▶ _Task statement_
Exact copy, no pictures: restate each entry below word for word.

*** Opening of Working data ***

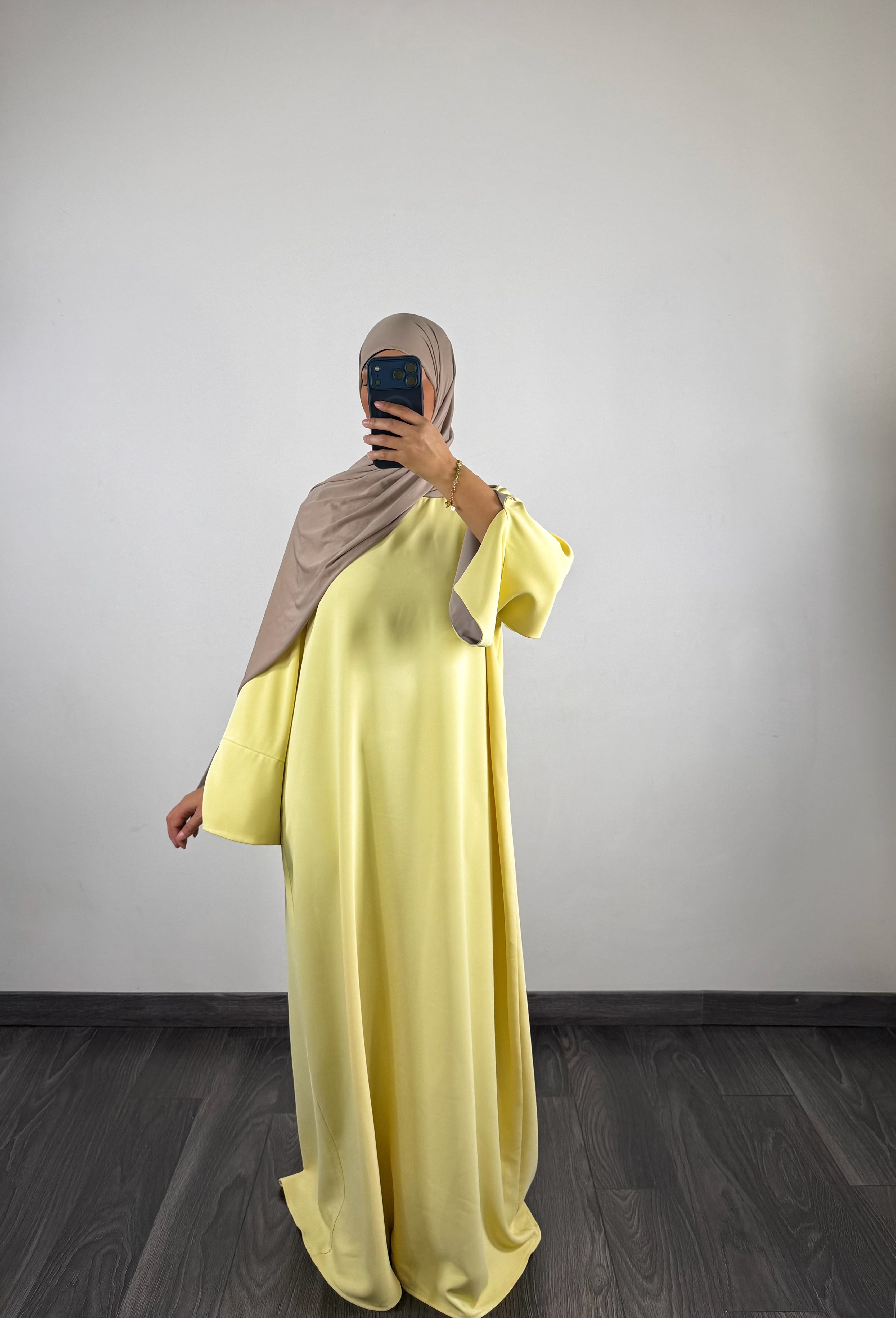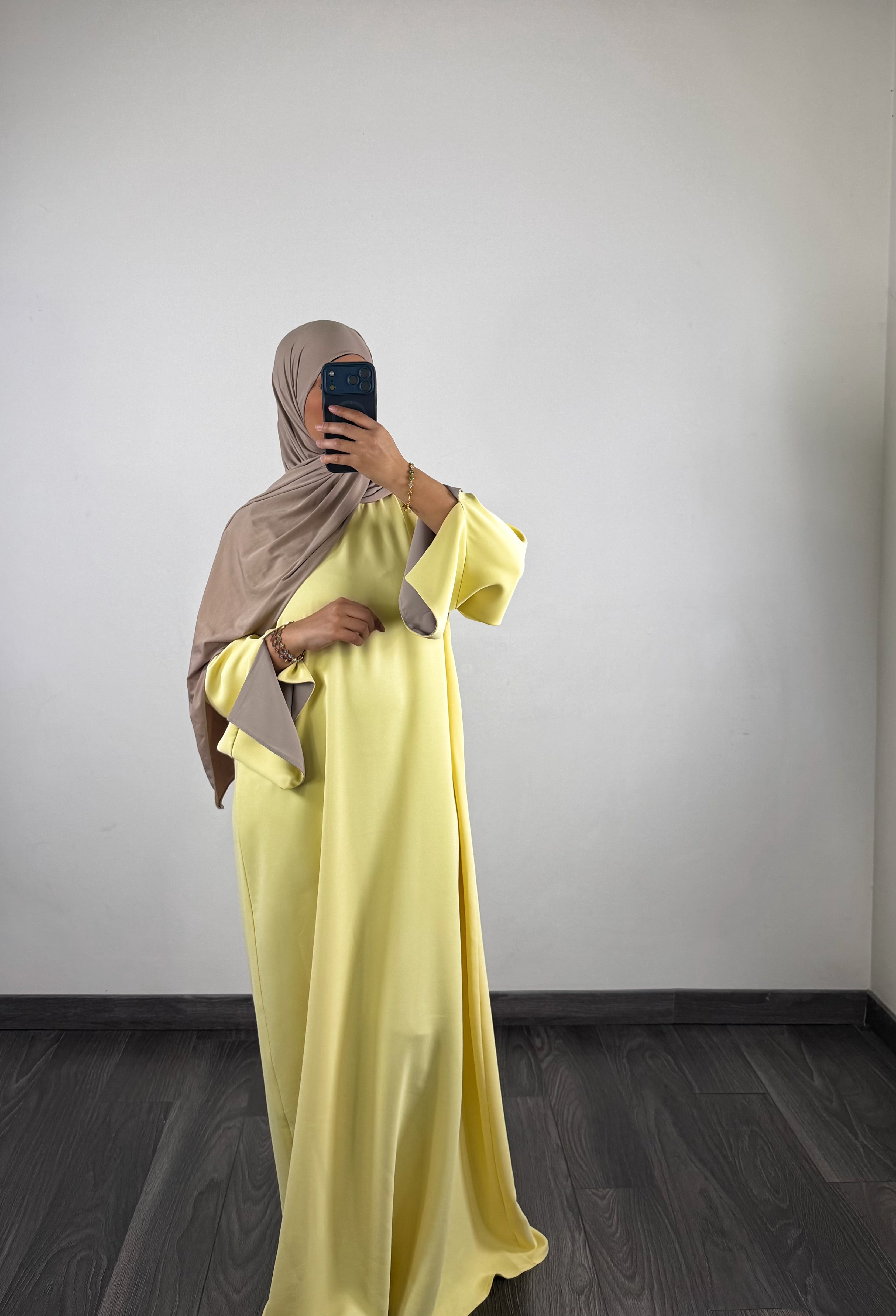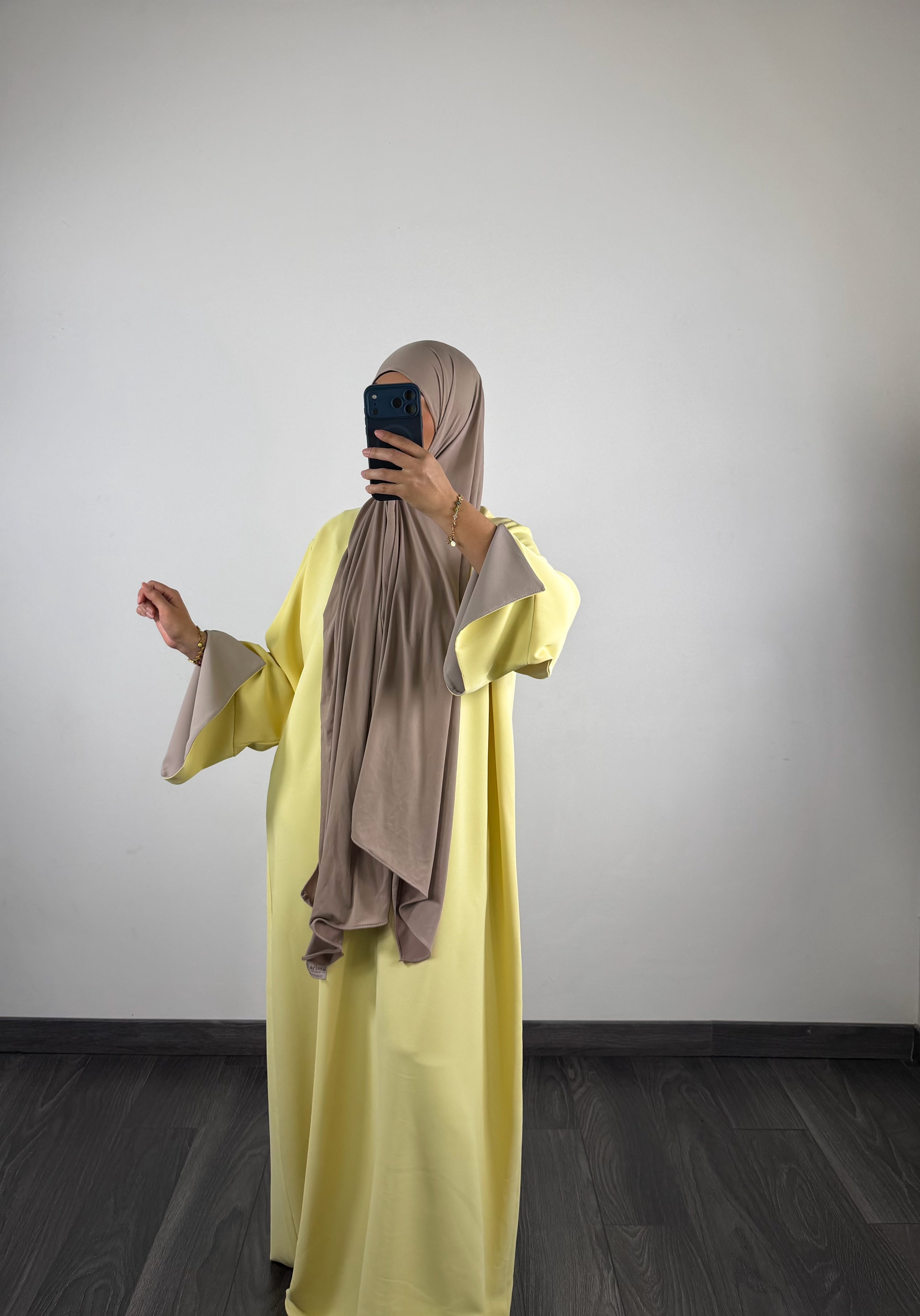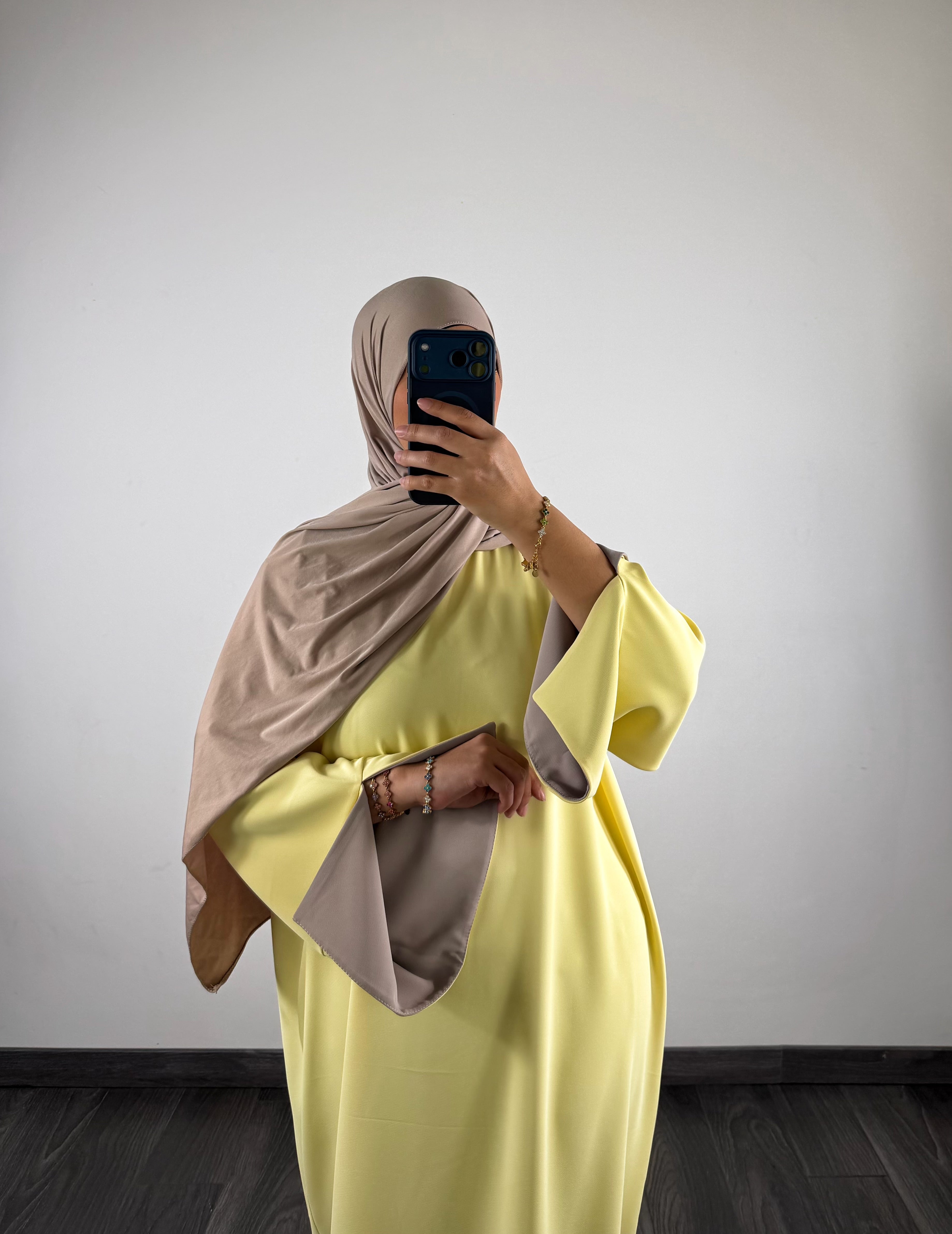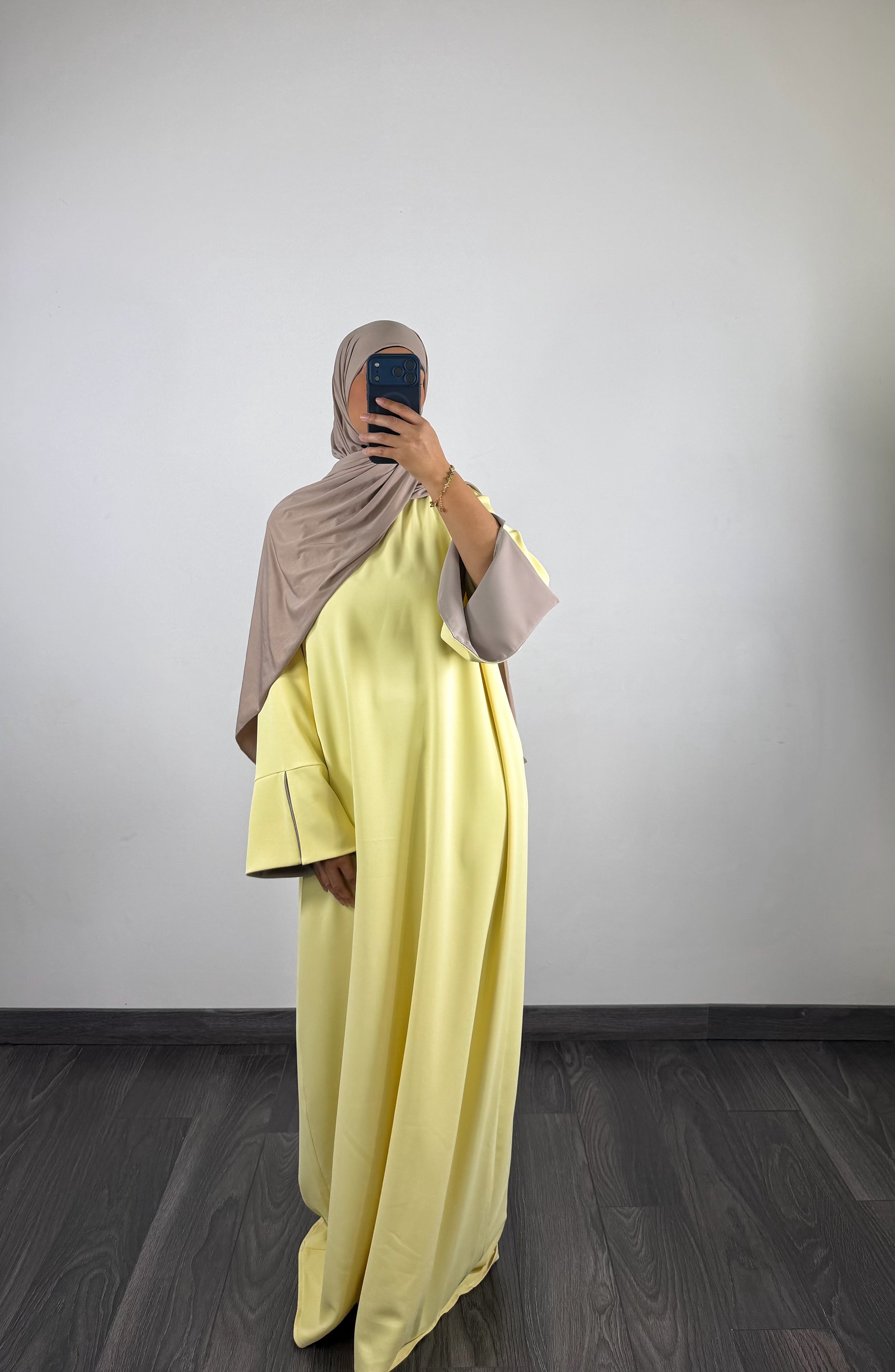 Abaya bi-color, jaune/taupe
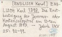ENGLISCH Karl [ENGLISCH Karol] 1898 Die Erstbesteigung der Javorove- oder Krotenseespitze am 13-ten August 1897.
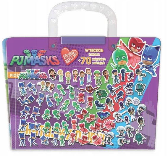 Książka activity poświęcona bohaterom uwielbianej przez dzieci bajki pod tytułem „PJ Masks Pidżamersi”. Na łamach publikacji zapakowanej w kolorową teczkę mali czytelnicy znajdą książkę o ulubionych bohaterach, 70 miękkich naklejek oraz tła na które można je nakleić.
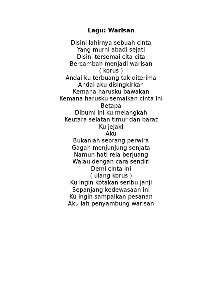 Lirik Lagu Warisan
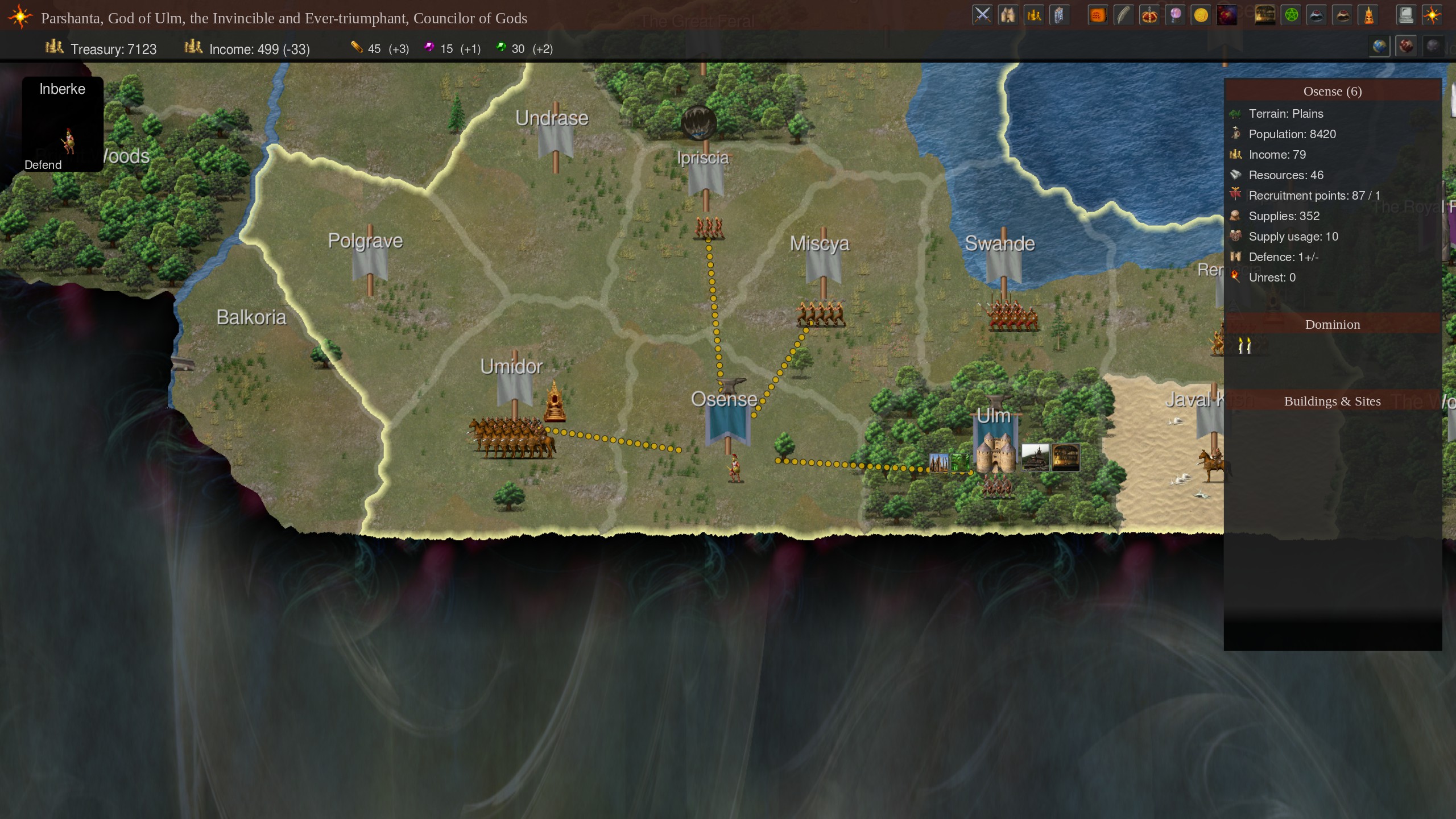 In Dominions 6 you take control of a powerful being that rules a nation and aspires to godhood. The type of Pretender Gods can vary from magically powerful arch mages to old dragons or an enormous tree. Dominions is a deep 4x turn based strategy game with a very large variety of spells and units.
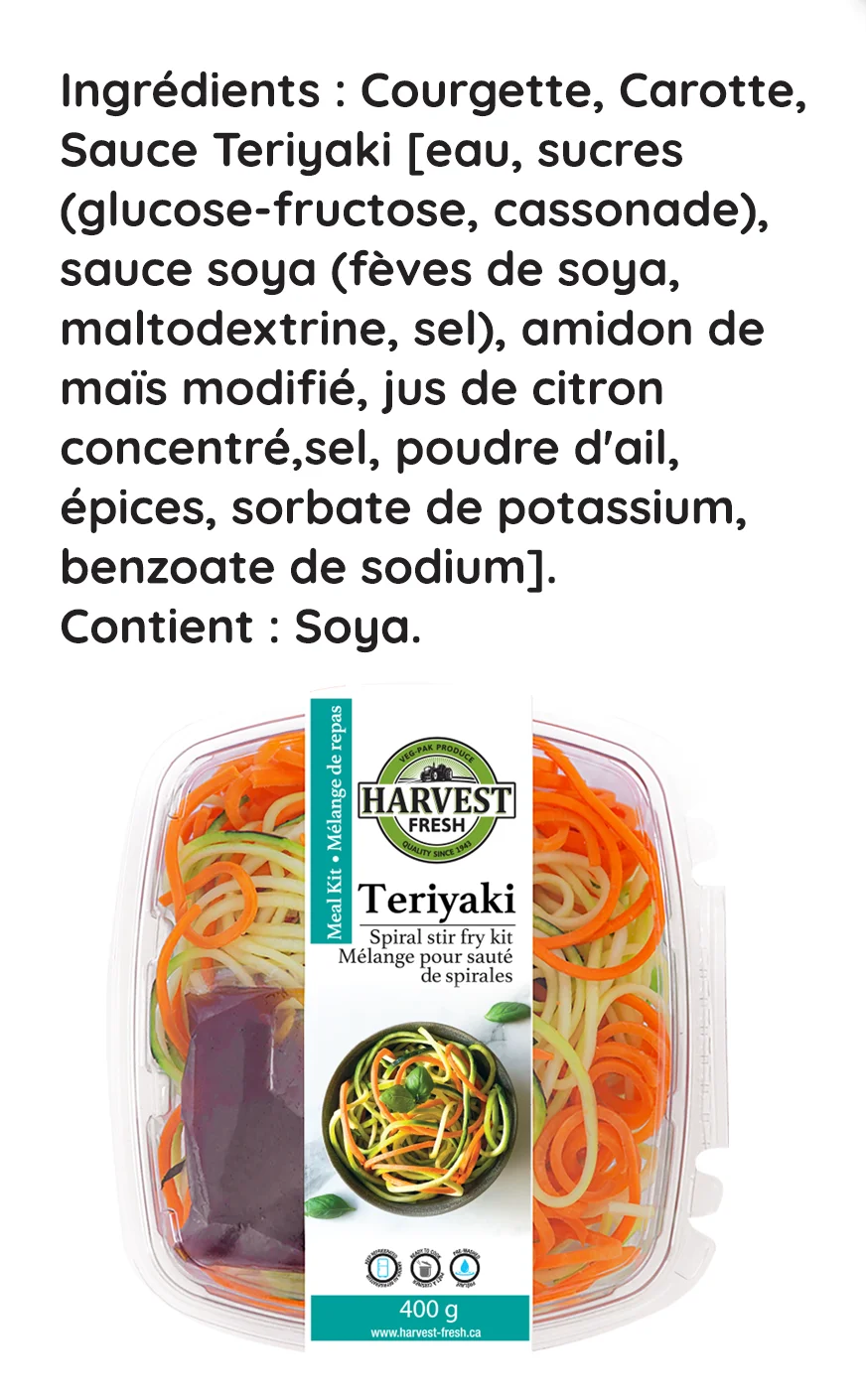 Notre trousse pour sauté de spirales Teriyaki Harvest Fresh est un mélange coloré de carottes et courgettes en spirales, relevé d’une délicieuse sauce Teriyaki. Un plat complet ou un accompagnement idéal avec vos protéines préférées.

*** Close of Working data ***

▶ _Answer space_
 Abaya bi-color, jaune/taupe
ENGLISCH Karl [ENGLISCH Karol] 1898 Die Erstbesteigung der Javorove- oder Krotenseespitze am 13-ten August 1897.
 Książka activity poświęcona bohaterom uwielbianej przez dzieci bajki pod tytułem „PJ Masks Pidżamersi”. Na łamach publikacji zapakowanej w kolorową teczkę mali czytelnicy znajdą książkę o ulubionych bohaterach, 70 miękkich naklejek oraz tła na które można je nakleić.
 Lirik Lagu Warisan
 In Dominions 6 you take control of a powerful being that rules a nation and aspires to godhood. The type of Pretender Gods can vary from magically powerful arch mages to old dragons or an enormous tree. Dominions is a deep 4x turn based strategy game with a very large variety of spells and units.
 Notre trousse pour sauté de spirales Teriyaki Harvest Fresh est un mélange coloré de carottes et courgettes en spirales, relevé d’une délicieuse sauce Teriyaki. Un plat complet ou un accompagnement idéal avec vos protéines préférées.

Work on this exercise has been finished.